INFORMATION SUPPLIED: Begin
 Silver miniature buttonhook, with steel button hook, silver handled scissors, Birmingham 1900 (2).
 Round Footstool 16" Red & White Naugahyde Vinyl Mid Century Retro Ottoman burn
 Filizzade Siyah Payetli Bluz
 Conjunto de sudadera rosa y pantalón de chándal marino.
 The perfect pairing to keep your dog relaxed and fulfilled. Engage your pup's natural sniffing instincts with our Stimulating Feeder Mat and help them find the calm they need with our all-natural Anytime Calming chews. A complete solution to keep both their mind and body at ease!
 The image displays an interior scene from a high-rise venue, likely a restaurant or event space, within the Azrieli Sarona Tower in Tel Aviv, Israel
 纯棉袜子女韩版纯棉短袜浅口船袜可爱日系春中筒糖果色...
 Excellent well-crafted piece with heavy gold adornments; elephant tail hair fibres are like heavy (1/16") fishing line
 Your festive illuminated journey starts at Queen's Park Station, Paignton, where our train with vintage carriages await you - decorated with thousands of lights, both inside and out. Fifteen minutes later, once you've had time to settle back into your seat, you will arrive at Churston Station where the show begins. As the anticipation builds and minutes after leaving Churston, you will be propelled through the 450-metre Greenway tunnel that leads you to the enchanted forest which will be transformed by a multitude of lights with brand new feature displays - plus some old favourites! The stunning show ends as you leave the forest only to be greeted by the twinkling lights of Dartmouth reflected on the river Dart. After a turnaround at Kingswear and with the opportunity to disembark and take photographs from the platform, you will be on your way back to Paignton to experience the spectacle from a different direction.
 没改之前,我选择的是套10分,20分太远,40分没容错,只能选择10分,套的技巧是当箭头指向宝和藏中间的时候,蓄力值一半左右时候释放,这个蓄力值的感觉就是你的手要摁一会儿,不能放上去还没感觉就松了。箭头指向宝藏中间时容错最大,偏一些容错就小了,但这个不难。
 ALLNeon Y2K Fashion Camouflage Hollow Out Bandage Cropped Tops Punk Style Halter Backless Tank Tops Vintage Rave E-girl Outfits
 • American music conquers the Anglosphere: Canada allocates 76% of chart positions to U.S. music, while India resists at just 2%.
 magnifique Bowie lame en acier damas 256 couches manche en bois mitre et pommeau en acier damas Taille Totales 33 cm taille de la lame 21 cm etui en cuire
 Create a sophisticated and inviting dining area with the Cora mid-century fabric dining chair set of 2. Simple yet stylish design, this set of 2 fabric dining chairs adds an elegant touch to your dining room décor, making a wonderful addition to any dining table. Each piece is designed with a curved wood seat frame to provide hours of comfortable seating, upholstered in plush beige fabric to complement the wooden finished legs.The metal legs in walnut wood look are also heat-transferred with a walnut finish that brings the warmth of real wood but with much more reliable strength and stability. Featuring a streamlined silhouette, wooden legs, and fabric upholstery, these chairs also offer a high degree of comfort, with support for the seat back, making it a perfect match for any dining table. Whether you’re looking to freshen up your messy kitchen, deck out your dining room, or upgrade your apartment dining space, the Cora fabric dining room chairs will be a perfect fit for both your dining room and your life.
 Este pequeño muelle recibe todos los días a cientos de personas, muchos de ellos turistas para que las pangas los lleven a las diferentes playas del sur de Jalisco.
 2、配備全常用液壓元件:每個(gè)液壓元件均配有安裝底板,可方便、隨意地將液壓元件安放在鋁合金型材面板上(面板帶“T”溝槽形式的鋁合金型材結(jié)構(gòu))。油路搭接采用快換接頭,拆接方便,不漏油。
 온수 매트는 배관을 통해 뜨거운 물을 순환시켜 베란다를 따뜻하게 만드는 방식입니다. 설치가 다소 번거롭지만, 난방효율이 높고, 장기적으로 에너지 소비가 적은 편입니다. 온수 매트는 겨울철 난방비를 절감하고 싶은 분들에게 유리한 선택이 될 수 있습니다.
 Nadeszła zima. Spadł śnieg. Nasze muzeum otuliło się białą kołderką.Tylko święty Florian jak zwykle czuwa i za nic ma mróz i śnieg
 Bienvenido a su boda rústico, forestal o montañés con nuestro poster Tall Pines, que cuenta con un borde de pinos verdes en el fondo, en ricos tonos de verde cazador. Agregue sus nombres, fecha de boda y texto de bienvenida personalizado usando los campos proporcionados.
INFORMATION SUPPLIED: End
TASK REQUIREMENTS →
Each entry above must be repeated word for word.

RESPONSE TO THIS EXERCISE →
 Silver miniature buttonhook, with steel button hook, silver handled scissors, Birmingham 1900 (2).
 Round Footstool 16" Red & White Naugahyde Vinyl Mid Century Retro Ottoman burn
 Filizzade Siyah Payetli Bluz
 Conjunto de sudadera rosa y pantalón de chándal marino.
 The perfect pairing to keep your dog relaxed and fulfilled. Engage your pup's natural sniffing instincts with our Stimulating Feeder Mat and help them find the calm they need with our all-natural Anytime Calming chews. A complete solution to keep both their mind and body at ease!
 The image displays an interior scene from a high-rise venue, likely a restaurant or event space, within the Azrieli Sarona Tower in Tel Aviv, Israel
 纯棉袜子女韩版纯棉短袜浅口船袜可爱日系春中筒糖果色...
 Excellent well-crafted piece with heavy gold adornments; elephant tail hair fibres are like heavy (1/16") fishing line
 Your festive illuminated journey starts at Queen's Park Station, Paignton, where our train with vintage carriages await you - decorated with thousands of lights, both inside and out. Fifteen minutes later, once you've had time to settle back into your seat, you will arrive at Churston Station where the show begins. As the anticipation builds and minutes after leaving Churston, you will be propelled through the 450-metre Greenway tunnel that leads you to the enchanted forest which will be transformed by a multitude of lights with brand new feature displays - plus some old favourites! The stunning show ends as you leave the forest only to be greeted by the twinkling lights of Dartmouth reflected on the river Dart. After a turnaround at Kingswear and with the opportunity to disembark and take photographs from the platform, you will be on your way back to Paignton to experience the spectacle from a different direction.
 没改之前,我选择的是套10分,20分太远,40分没容错,只能选择10分,套的技巧是当箭头指向宝和藏中间的时候,蓄力值一半左右时候释放,这个蓄力值的感觉就是你的手要摁一会儿,不能放上去还没感觉就松了。箭头指向宝藏中间时容错最大,偏一些容错就小了,但这个不难。
 ALLNeon Y2K Fashion Camouflage Hollow Out Bandage Cropped Tops Punk Style Halter Backless Tank Tops Vintage Rave E-girl Outfits
 • American music conquers the Anglosphere: Canada allocates 76% of chart positions to U.S. music, while India resists at just 2%.
 magnifique Bowie lame en acier damas 256 couches manche en bois mitre et pommeau en acier damas Taille Totales 33 cm taille de la lame 21 cm etui en cuire
 Create a sophisticated and inviting dining area with the Cora mid-century fabric dining chair set of 2. Simple yet stylish design, this set of 2 fabric dining chairs adds an elegant touch to your dining room décor, making a wonderful addition to any dining table. Each piece is designed with a curved wood seat frame to provide hours of comfortable seating, upholstered in plush beige fabric to complement the wooden finished legs.The metal legs in walnut wood look are also heat-transferred with a walnut finish that brings the warmth of real wood but with much more reliable strength and stability. Featuring a streamlined silhouette, wooden legs, and fabric upholstery, these chairs also offer a high degree of comfort, with support for the seat back, making it a perfect match for any dining table. Whether you’re looking to freshen up your messy kitchen, deck out your dining room, or upgrade your apartment dining space, the Cora fabric dining room chairs will be a perfect fit for both your dining room and your life.
 Este pequeño muelle recibe todos los días a cientos de personas, muchos de ellos turistas para que las pangas los lleven a las diferentes playas del sur de Jalisco.
 2、配備全常用液壓元件:每個(gè)液壓元件均配有安裝底板,可方便、隨意地將液壓元件安放在鋁合金型材面板上(面板帶“T”溝槽形式的鋁合金型材結(jié)構(gòu))。油路搭接采用快換接頭,拆接方便,不漏油。
 온수 매트는 배관을 통해 뜨거운 물을 순환시켜 베란다를 따뜻하게 만드는 방식입니다. 설치가 다소 번거롭지만, 난방효율이 높고, 장기적으로 에너지 소비가 적은 편입니다. 온수 매트는 겨울철 난방비를 절감하고 싶은 분들에게 유리한 선택이 될 수 있습니다.
 Nadeszła zima. Spadł śnieg. Nasze muzeum otuliło się białą kołderką.Tylko święty Florian jak zwykle czuwa i za nic ma mróz i śnieg
 Bienvenido a su boda rústico, forestal o montañés con nuestro poster Tall Pines, que cuenta con un borde de pinos verdes en el fondo, en ricos tonos de verde cazador. Agregue sus nombres, fecha de boda y texto de bienvenida personalizado usando los campos proporcionados.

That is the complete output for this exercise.